• [Work instruction] For this exercise, output the entries below exactly from the line that holds "A fascinating feather" to the line that holds "这样简单的国庆头像就简单完成", both ends included. No pictures belong in the copy.

• [Input]
=====

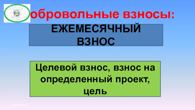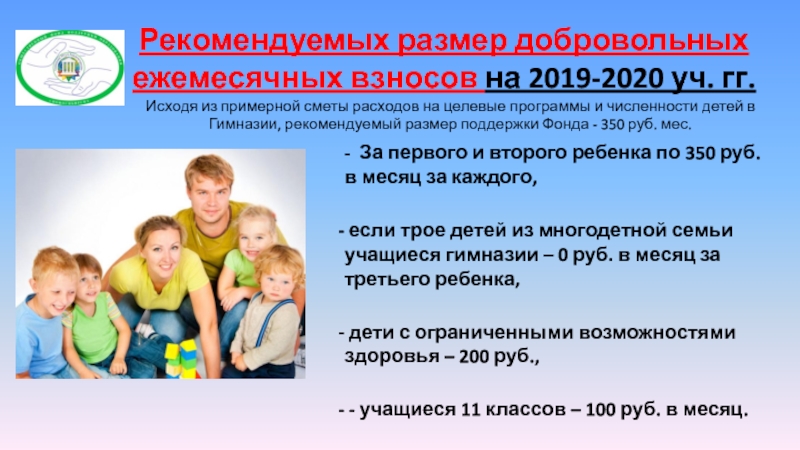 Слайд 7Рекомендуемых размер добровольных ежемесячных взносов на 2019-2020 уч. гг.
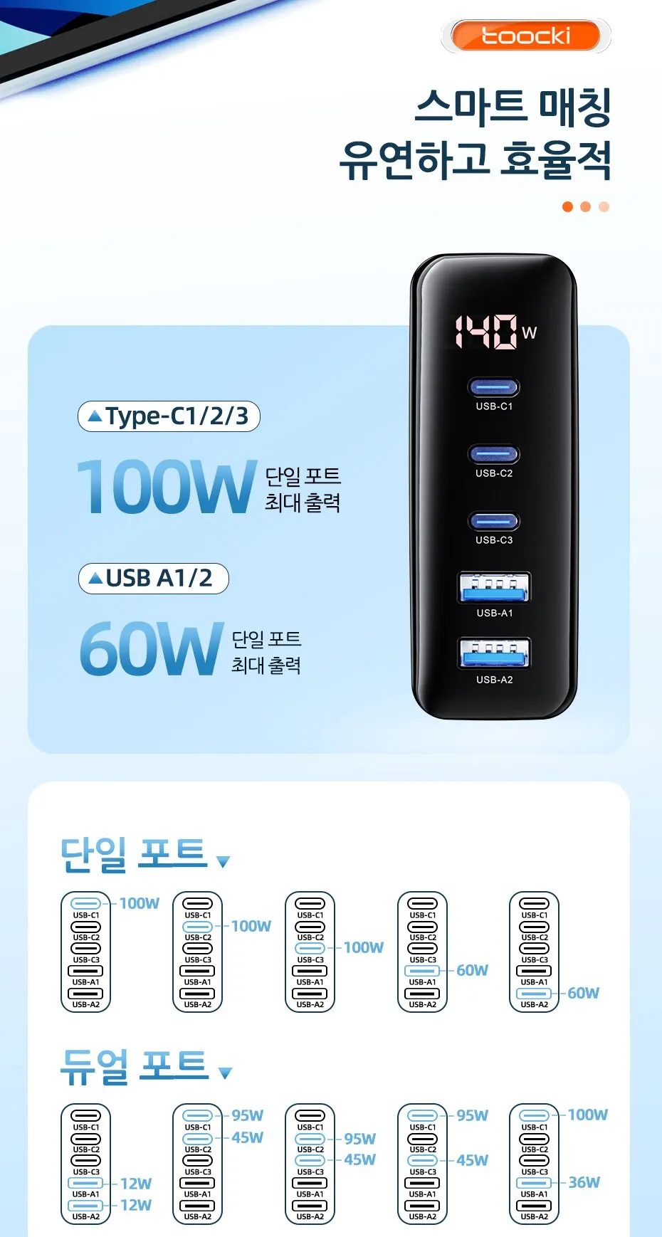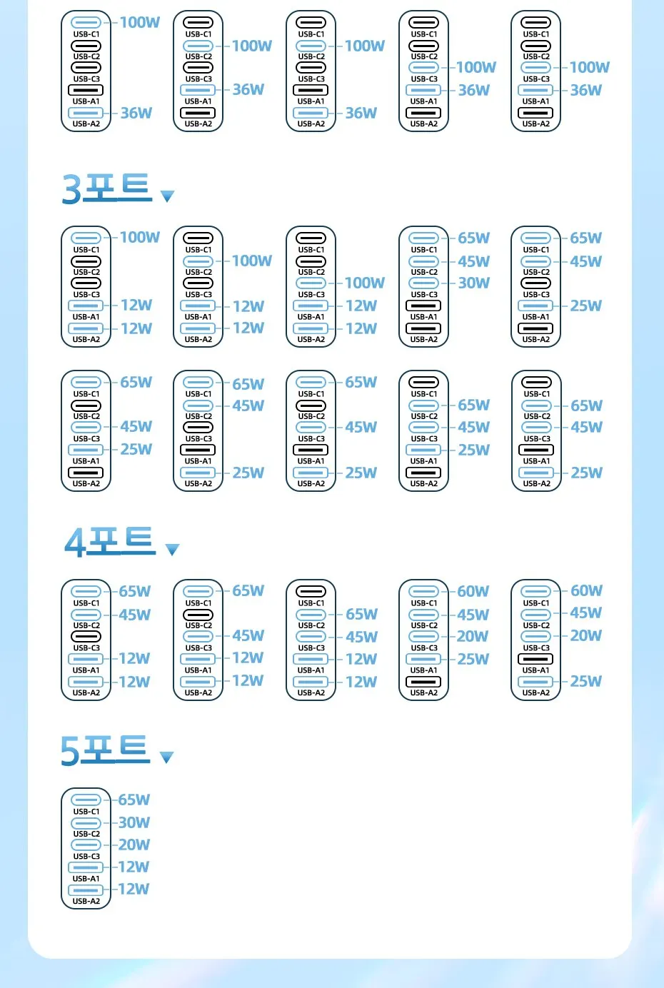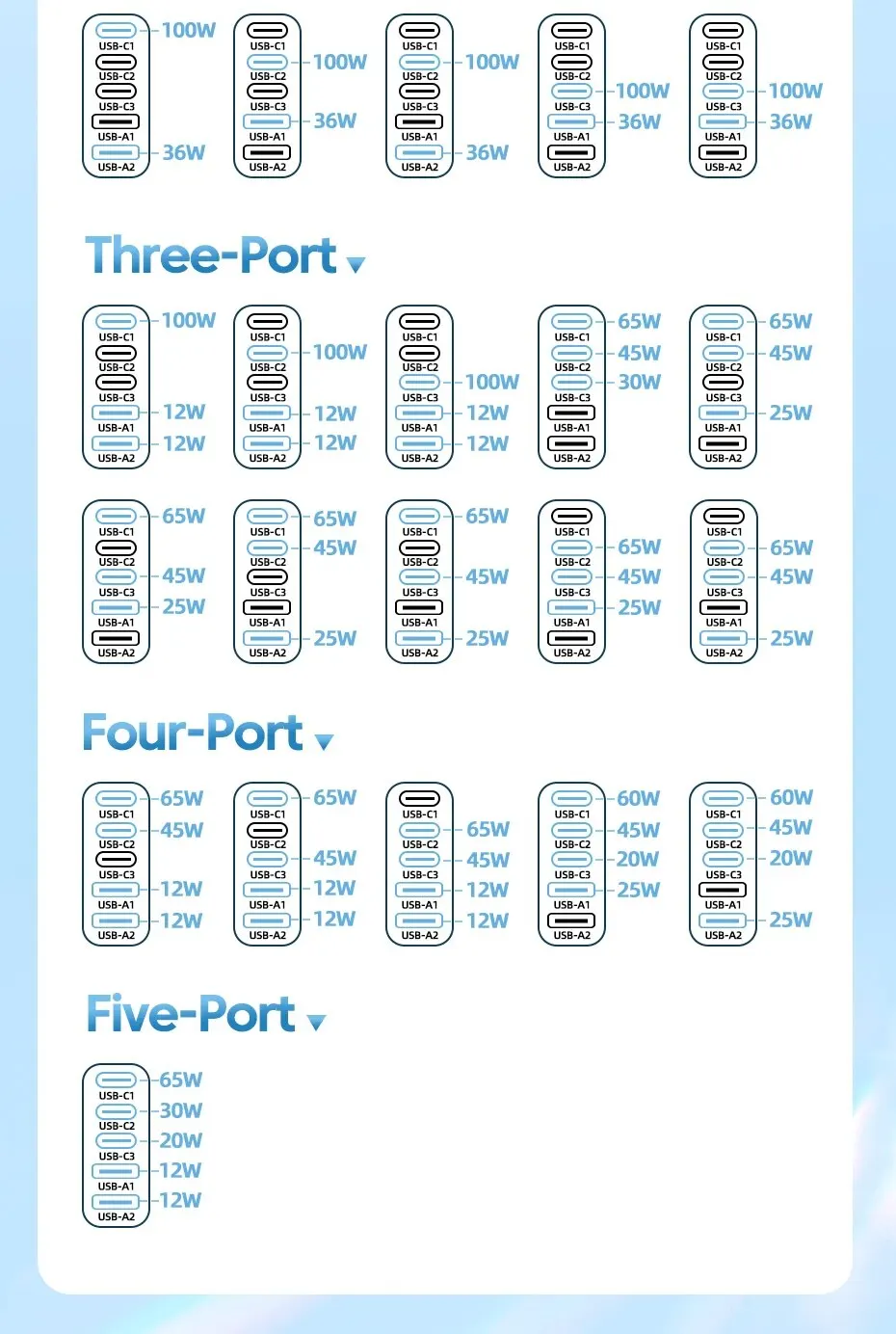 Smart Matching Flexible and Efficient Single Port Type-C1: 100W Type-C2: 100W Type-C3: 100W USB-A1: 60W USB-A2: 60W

=====

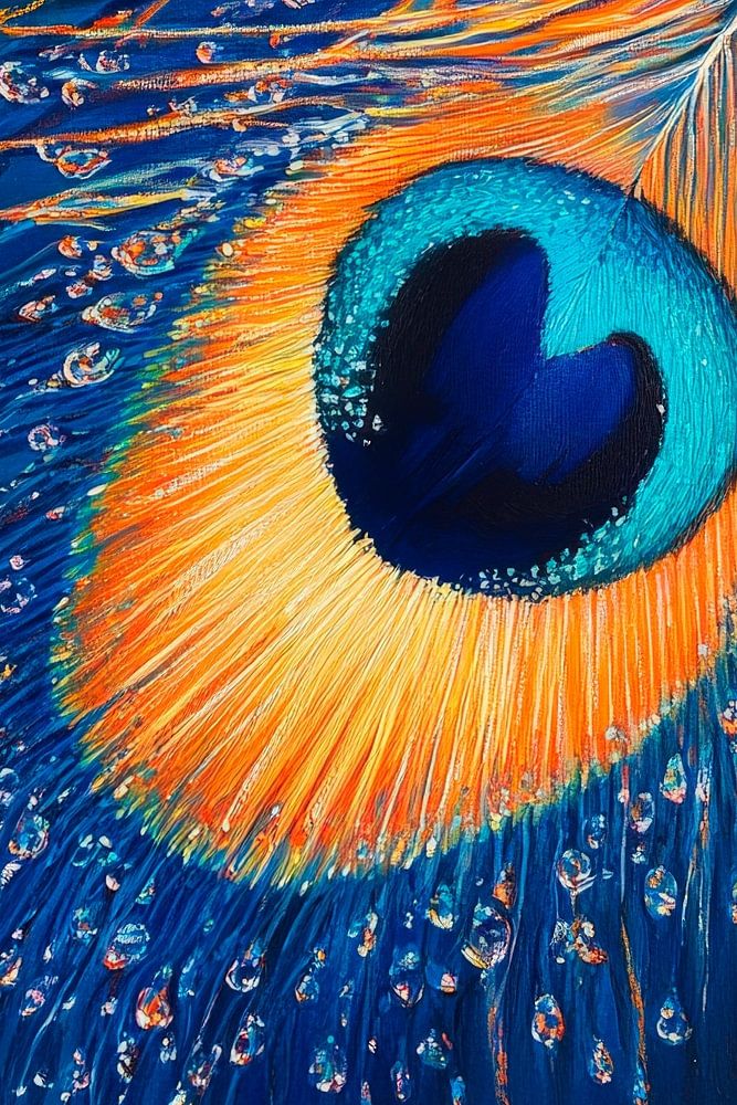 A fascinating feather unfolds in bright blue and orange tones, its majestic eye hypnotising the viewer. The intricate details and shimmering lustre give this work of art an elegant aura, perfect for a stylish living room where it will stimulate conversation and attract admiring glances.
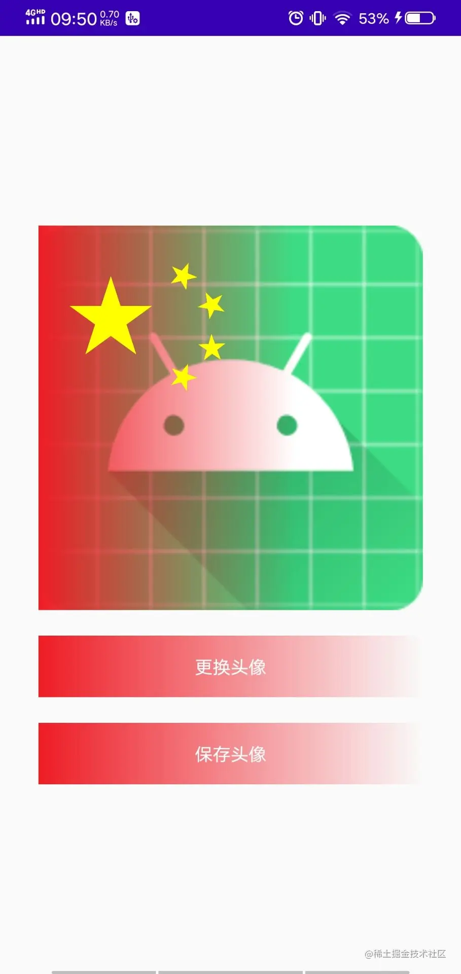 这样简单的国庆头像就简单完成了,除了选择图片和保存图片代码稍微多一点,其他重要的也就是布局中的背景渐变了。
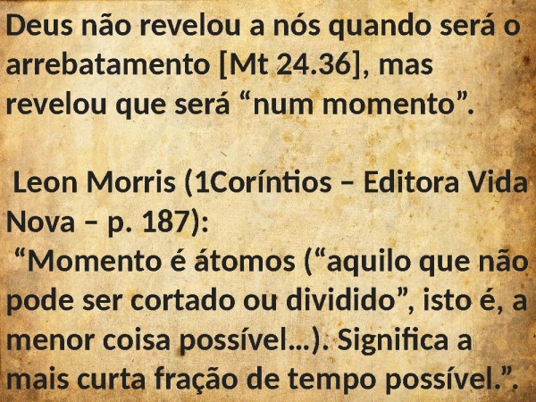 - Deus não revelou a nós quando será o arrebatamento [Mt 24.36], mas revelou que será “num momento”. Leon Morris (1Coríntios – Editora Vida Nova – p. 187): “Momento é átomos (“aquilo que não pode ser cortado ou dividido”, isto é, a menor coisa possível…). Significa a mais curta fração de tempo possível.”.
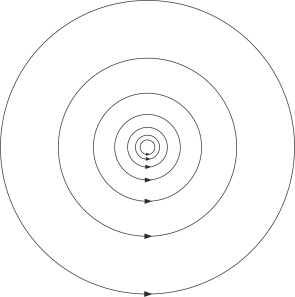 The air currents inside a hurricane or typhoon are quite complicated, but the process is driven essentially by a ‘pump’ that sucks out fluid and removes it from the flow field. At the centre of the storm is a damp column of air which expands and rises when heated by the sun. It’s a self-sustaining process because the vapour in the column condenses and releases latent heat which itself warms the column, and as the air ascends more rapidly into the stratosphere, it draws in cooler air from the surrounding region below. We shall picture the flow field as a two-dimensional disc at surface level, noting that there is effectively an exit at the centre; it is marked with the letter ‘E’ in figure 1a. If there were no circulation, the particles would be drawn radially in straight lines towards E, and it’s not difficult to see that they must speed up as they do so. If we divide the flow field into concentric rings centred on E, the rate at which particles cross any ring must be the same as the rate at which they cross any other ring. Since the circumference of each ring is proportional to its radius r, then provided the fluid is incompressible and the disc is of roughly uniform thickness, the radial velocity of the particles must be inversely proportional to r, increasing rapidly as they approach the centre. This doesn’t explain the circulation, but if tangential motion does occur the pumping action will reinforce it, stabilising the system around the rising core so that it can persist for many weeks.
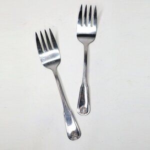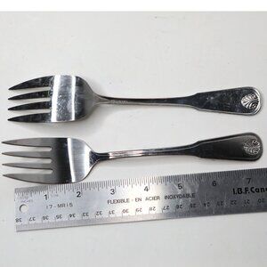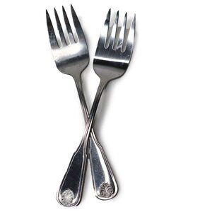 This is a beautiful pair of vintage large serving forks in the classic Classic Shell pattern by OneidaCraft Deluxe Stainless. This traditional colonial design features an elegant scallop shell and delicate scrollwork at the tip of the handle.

=====

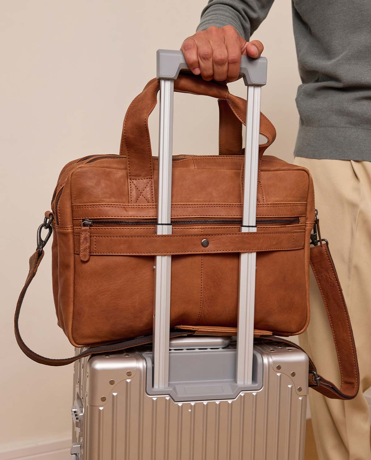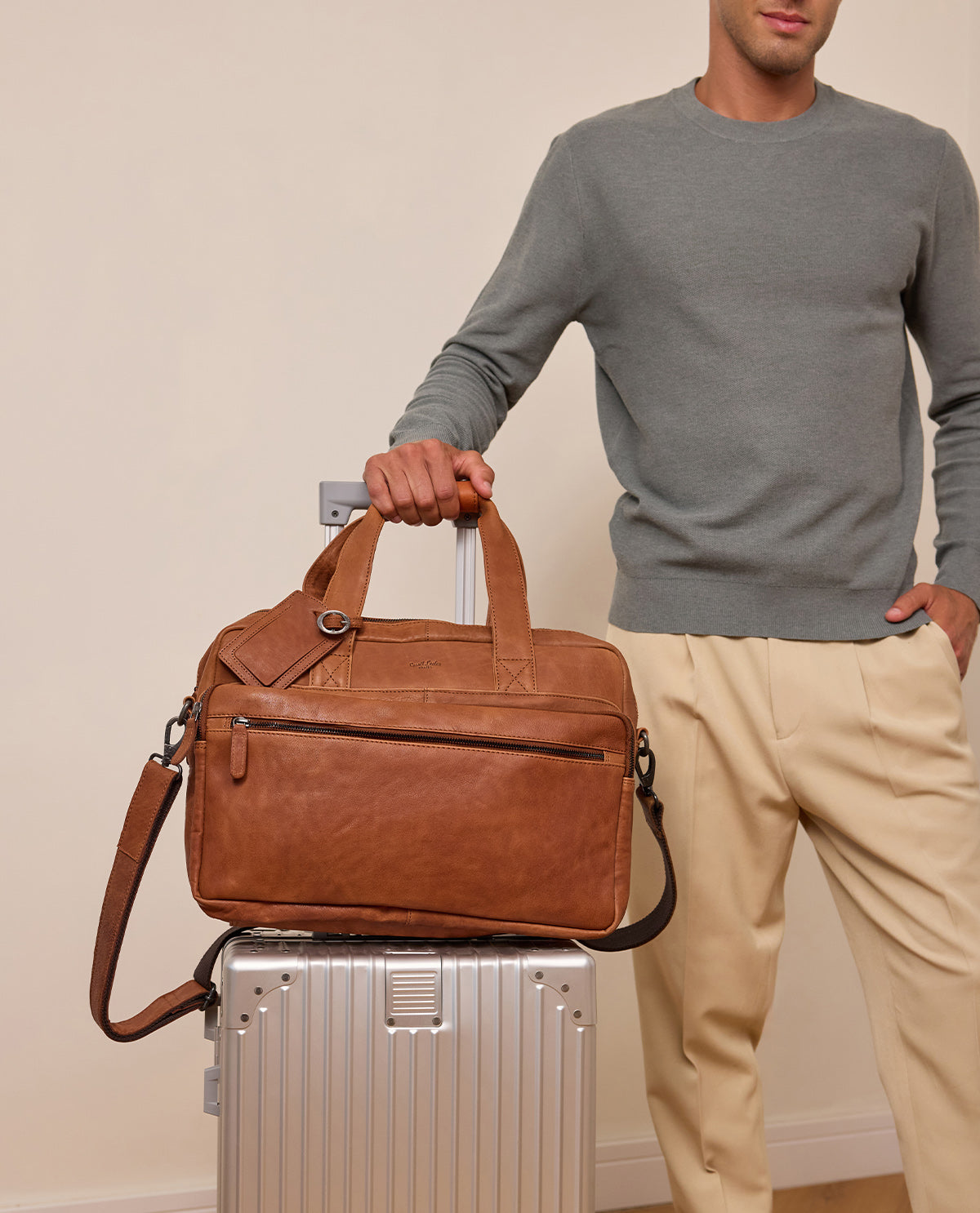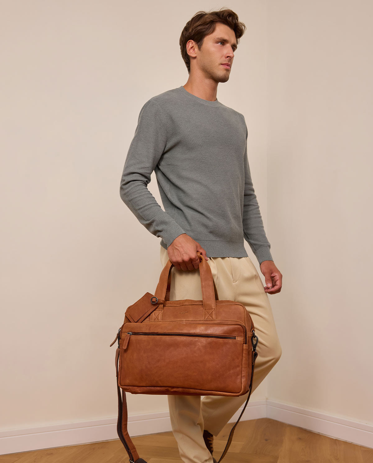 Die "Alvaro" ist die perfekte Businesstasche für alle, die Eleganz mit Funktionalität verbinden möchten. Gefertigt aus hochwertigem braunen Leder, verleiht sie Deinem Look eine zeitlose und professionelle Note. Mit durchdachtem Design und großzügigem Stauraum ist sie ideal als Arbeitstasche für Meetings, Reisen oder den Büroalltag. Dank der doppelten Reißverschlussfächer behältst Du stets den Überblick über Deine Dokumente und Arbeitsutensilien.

=====

• [Exercise result]
 A fascinating feather unfolds in bright blue and orange tones, its majestic eye hypnotising the viewer. The intricate details and shimmering lustre give this work of art an elegant aura, perfect for a stylish living room where it will stimulate conversation and attract admiring glances.
 这样简单的国庆头像就简单完成了,除了选择图片和保存图片代码稍微多一点,其他重要的也就是布局中的背景渐变了。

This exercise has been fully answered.